Kitabı oku: «О чем я думаю»
УДК 821.161.1.09
ББК 83.3(2Рос=Рус)6
В19
Редактор серии – Д. Ларионов
Оксана Васякина
О чем я думаю / Оксана Васякина. – М.: Новое литературное обозрение, 2024.
«В этой книге вы увидите рытвины, петли и тупики. Если учишься писать у подлеска – не бойся застревать и плутать». В поэтических циклах, составивших книгу «О чем я думаю», Оксана Васякина продолжает исследовать темные углы памяти, связанные с семейным и личным опытом, телесностью и взрослением. Но на этот раз взгляд писательницы сосредоточен еще и на времени как таковом: путешествуя по «кротовым норам» своей биографии, она методично фиксирует тектонические сдвиги в собственном сознании и окружающей реальности. Особое место в сборнике занимает «Книга Гуро» – поэма-исследование, попытка проникнуть внутрь личного и художественного опыта поэтессы Елены Гуро (1877–1913). Оксана Васякина – писательница, лауреатка премий «Лицей» (2019) и «НОС» (2021).
ISBN 978-5-4448-2482-5
© О. Васякина, 2024
© Н. Агапова, дизайн обложки, 2024
© ООО «Новое литературное обозрение», 2024
Предисловие
Несколько лет назад я листала альбом русского искусства и наткнулась на зеленый прямоугольник, который оказался маленькой репродукцией картины под названием Подлесок. На картине не было деревьев, ритм задавали путаница ветвей безымянного кустарника и высокая трава.

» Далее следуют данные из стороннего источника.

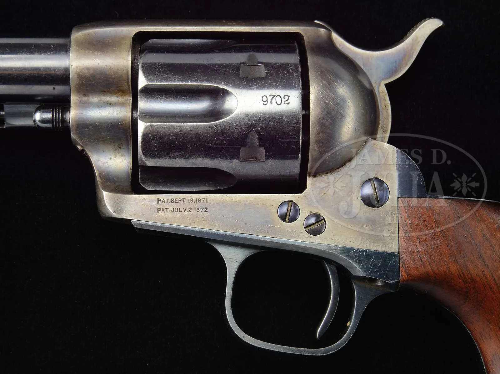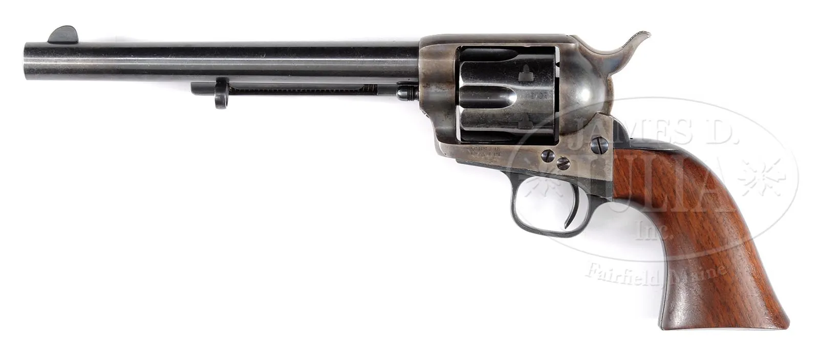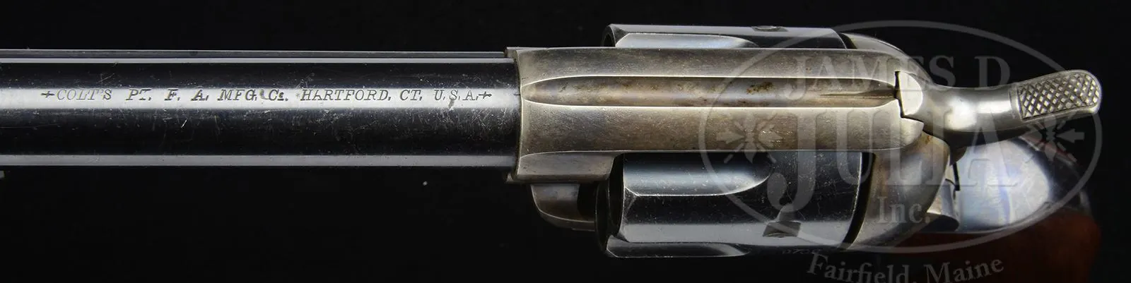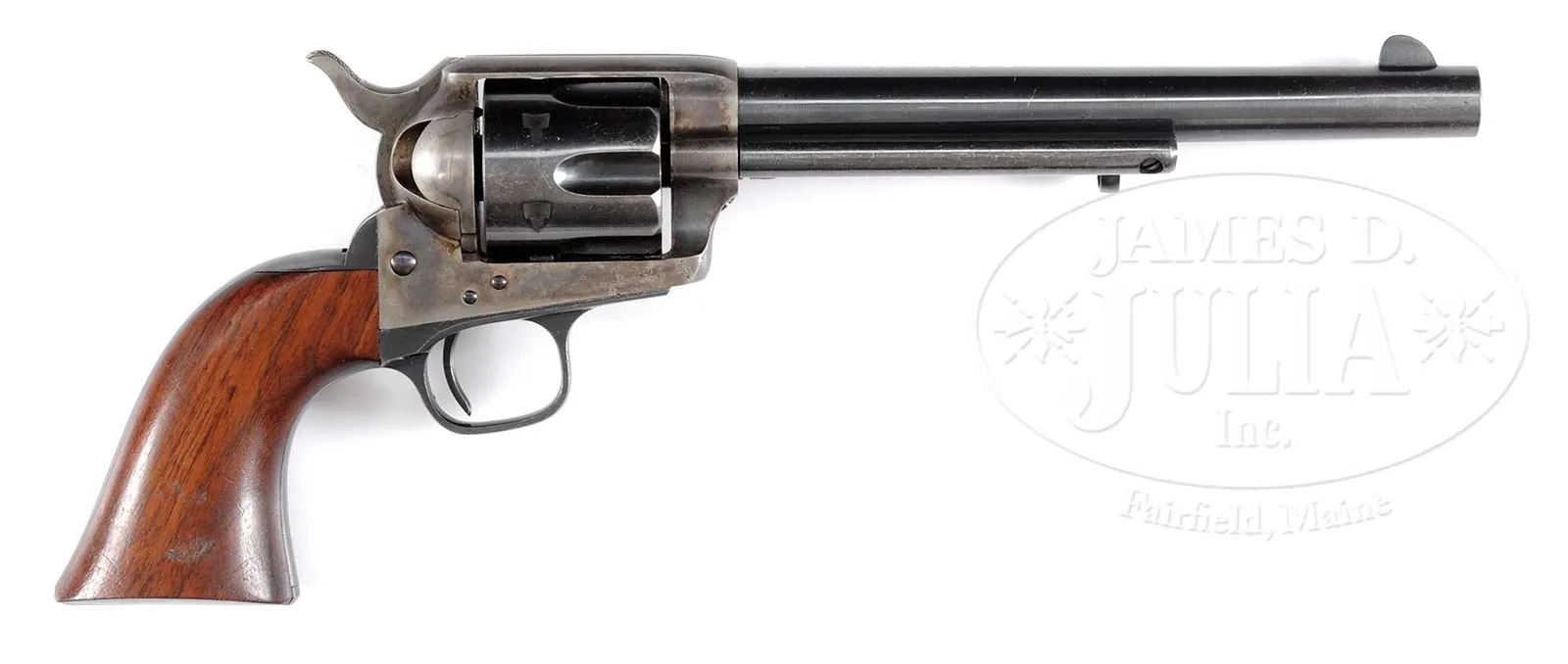 COLT SINGLE ACTION ARMY REVOLVER RESTORED BY TOMMY HAAS.SN 19702. Cal. .45 Colt. Blue and color case hardened with 7-1/2″ bbl, thinned front sight with 1-line script letter address. Left side of frame has 2-line patent dates and is mounted with oil finished 1-piece walnut grip. Revolver has complete, very high quality Tommy Haas restoration with bright Colt-Style blue and case colors. Accompanied by a Colt Factory letter which identifies this revolver in .45 Colt with blue finish, bbl length and type of stocks not listed and shipped to Spies, Kissam & Co., NY, NY, on July 23, 1875, in a shipment of 45 same type arms. Spies, Kissam was one of Colts major distributor that supplied arms to dealers on the American Frontier giving rise to the probability that this revolver saw hard service over the years which necessitated the restoration. PROVENANCE: The Estate Collection of Phil A. Bleakney, Jr. CONDITION: Very fine, overall retains about all of its fine Haas restoration, showing about 95-96% strong blue and about all of its case colors, moderately to heavily faded. Grip frame and grip are sharp and clean. Mechanics are crisp, bore is bright and shiny. 49059-80 JR (6,000-10,000) – Lot 3232 Click here to view provenance

Эта картина была похожа на неловкий снимок, который делает человек, настраивая фотоаппарат. Или на снимок, который, несмотря на желание фотографирующего запечатлеть что-то особенное, оказывается пустым. Каждый знает этот эффект – мы видим потрясающую картину, например, закат. Наводим на небо камеру смартфона и уже заранее видим, что она не в силах передать ни цвет, ни свет увиденного нами. Обычно такие фотографии приносят разочарование. Но при этом помогают сохранить момент в памяти. Я убеждена: за любым неудачным снимком стоит невымываемое впечатление.
Я забыла сфотографировать картину, а имени художника не запомнила. Спустя время я попросила владелицу альбома пролистать его и найти копию Подлеска. Но владелица написала, что такой картины в альбоме нет, она просмотрела его несколько раз и не нашла.
–
Последние пять лет я редко писала стихи. Письмо в строчку занимало меня полностью и не оставляло места для поэтических текстов. Но, как только я заканчивала книгу и выдыхала, мне хотелось вернуться к стихотворениям.
До того как я начала писать прозу, я была одержима идеей, что стихотворение не имеет права на ошибку и обязано прибавлять смысл к тому, что мной уже было написано. Если мне казалось, что текст, который я задумала, ничем не обогащал мои предыдущие, я не позволяла себе писать. Я накручивала, пытала себя, жгла вопросами, боялась оступиться (относительно чего?).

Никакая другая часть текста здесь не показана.